You also want to protect those databases by restoring them as quickly as possible somewhere else – maybe nearby, or maybe to a totally separate place like the cloud.
First, let’s scale out our backup jobs by:
- Installing Ola Hallengren’s free backup script
- Creating a table with a list of databases and their desired Recovery Point Objective (RPO, aka data loss) – done with sp_AllNightLog_Setup
- Set up several Agent jobs to back up databases as necessary – also done with sp_AllNightLog_Setup
- Inside each of those Agent jobs, they call sp_AllNightLog @Backup = 1, which loops through the table to find databases that need to be backed up, then call Ola Hallengren’s DatabaseBackup stored procedure
- Keeping that database list up to date as new databases are added – done by a job calling sp_AllNightLog @PollForNewDatabases = 1
Then, we’ll scale out our restores with a similar technique. Let’s start with backups first.
Setting Up sp_AllNightLog
- SQL Server 2016 or newer – this may work on older versions, but no guarantees.
- Ola Hallengren’s Maintenance Scripts must be installed – you don’t have to use them for your full backups, index maintenance, or checkdb, but sp_AllNightLog relies on the backup, command execution, and logging. They’re free, open source, and well-tested by the community, so we’re piggybacking on those.
Once those are set, download the free First Responder Kit, which includes stuff like sp_AllNightLog, sp_Blitz, sp_BlitzIndex, and more database utility scripts.
Install sp_AllNightLog, sp_AllNightLog_Setup, and sp_DatabaseRestore by running their respective .sql scripts in the master database, or the database of your choice. These scripts install the stored procedures, but they don’t actually call the stored procs for the first time.
To create the infrastructure for both backing up and restoring, run:
sp_AllNightLog_Setup @RPOSeconds = 60, @RTOSeconds = 60, @BackupPath = '\\FILESERVER\FOLDER\', @RestorePath = '\\FILESERVER\FOLDER\PRIMARYSQLSERVERNAME', @Jobs = 4, @RunSetup = 1;
Parameters for sp_AllNightLog_Setup:
- @RPOSeconds – we’ll aim to run log backups on this frequency. (Depending on the number of jobs, log activity, server workload, etc, it may be higher than that – more on that further in the documentation.)

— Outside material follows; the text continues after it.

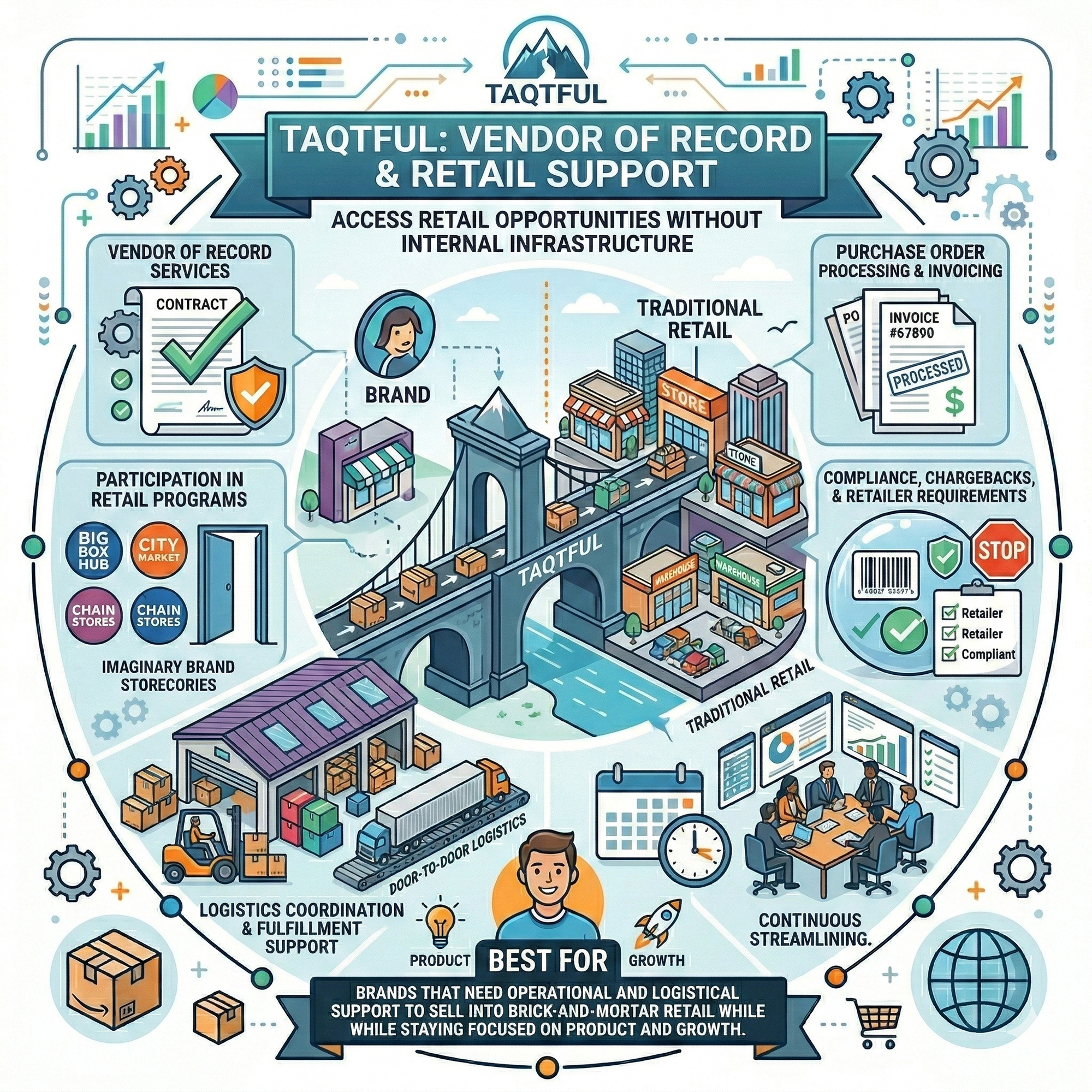 At TAQTFUL, we have formulated the love and passion that it takes to reach the biggest of goals. We wear our brands on our sleeves and don't sleep until we win. We build loyal networks on the backs of relationships and we achieve growth through methodical merchandising online and in store. We build interwoven funnels on Amazon to ensure top ranking ASINs and we deliver in store programs that expand market share and diversification.

- @RTOSeconds – like @RPOSeconds, but for restores.
- @BackupPath – where your valuable goodies go. Public service announcement: local backups are useless if Windows won’t start.
- @RestorePath – where we’ll restore from. Note in the sample call that there’s a server name in here: if you’re using a single folder share to back up multiple SQL Servers, we need to know which one to back up.
- @Jobs – the number of Agent jobs we’ll create to run backups, between 1 and 20. We recommend at least 2 jobs to start, and if you’ve got over 20 databases, add 1 job per every 20 databases.
- @RunSetup – if 1, it creates the database msdbCentral, adds the tables backup_worker and configuration, and adds agent jobs to call sp_AllNightLog. These jobs are disabled by default.
- @UpdateSetup – if 1, updates the msdbCentral.dbo.backup_configuration with the new RPOSeconds and BackupPath parameters, and enables/disables Agent jobs based on the…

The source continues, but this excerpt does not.